Asilisaurus
When large bullies disappear, the formerly bullied thrive.

That’s especially true in mass extinction events, when smaller animals have a chance if the larger, more competitive animals go away. Take the largest extinction event on Earth, the end-Permian extinction, 252 million years ago. Ninety percent of life on the planet was basically wiped out.

Scientists previously believed that gentler creatures didn’t thrive after that extinction event, but a new study, in this week’s Proceedings of the National Academy of Sciences, says that dinosaur predecessors did in fact succeed and even diversify.

The new insights come from seven fossil-hunting expeditions since 2003 in Tanzania, Zambia, and Antarctica, along with work combing through existing fossil collections. The team used the fossils to create two views of four legged-animals in what was at the time southern Pangaea. The first view is of 5 million years before the extinction event and the second is 10 million years after the event.

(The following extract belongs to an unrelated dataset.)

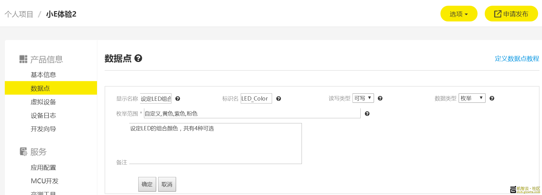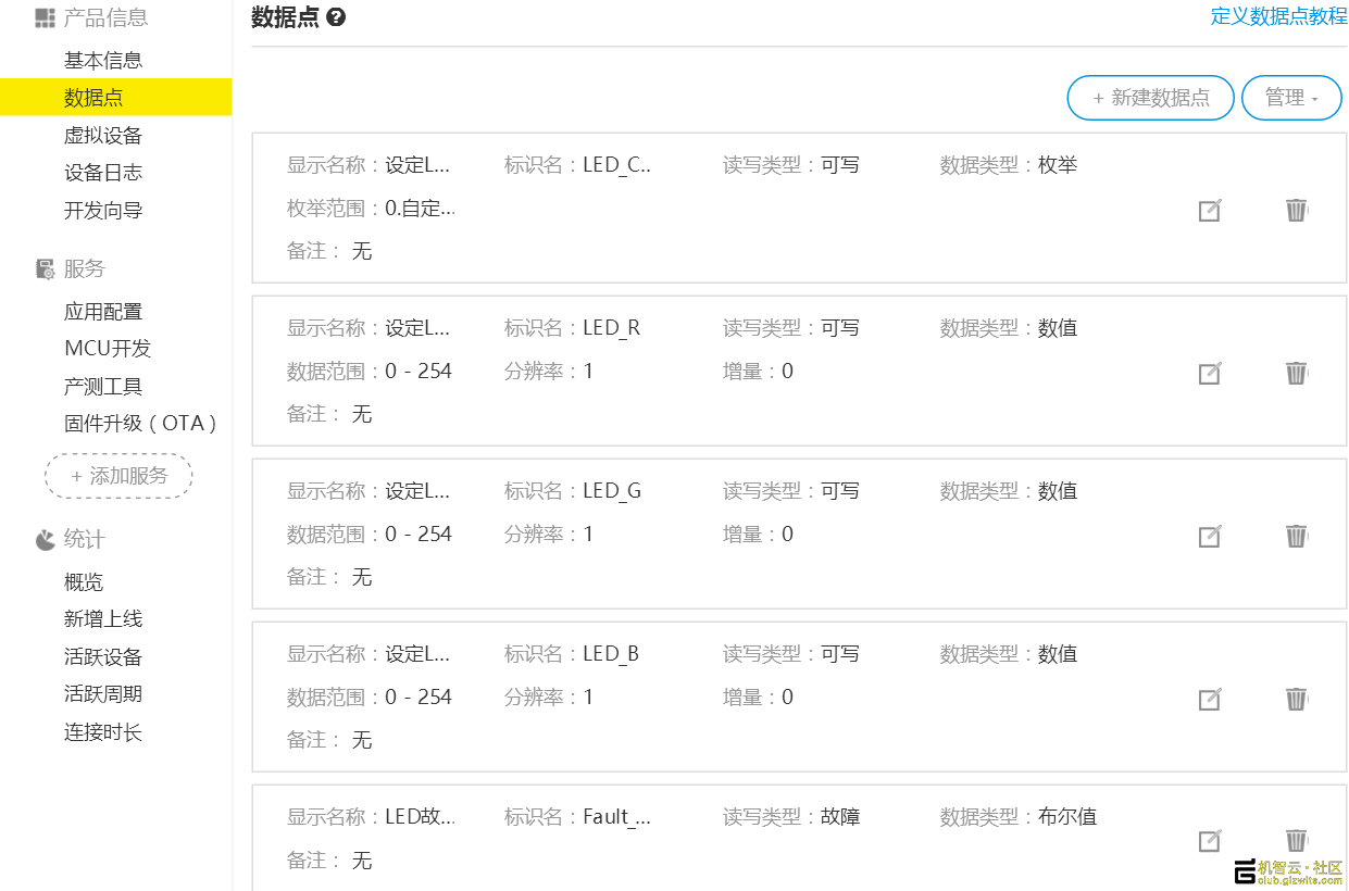 数据点即设备产品的功能的抽象,用于描述产品功能及其参数。创建数据点后,设备与云端通讯的数据格式即可确定,设备、机智云可以相互识别设备与机智云互联互通的数据。

The study found that before the extinction event 35 percent of four-legged species were found in two or more of the five areas studied, with some species having ranges that stretched 1,600 miles. But according to the authors, ten million years after the extinction event, the quadrupeds showed clear clear geographic clustering and just 7 percent of species were found in two or more regions.

The smaller distribution of four-legged animals, like the Asilisaurus, pictured above, suggests that they had less competition and didn’t have to move too far to find food or suitable habitats. It also reveals that the animals were so successful, they were able to diversify.

Good riddance, bullies! “Groups that did well before the extinction didn’t necessarily do well afterward,” says lead author Christian Sidor, of the University of Washington. “What we call evolutionary incumbency was fundamentally reset.”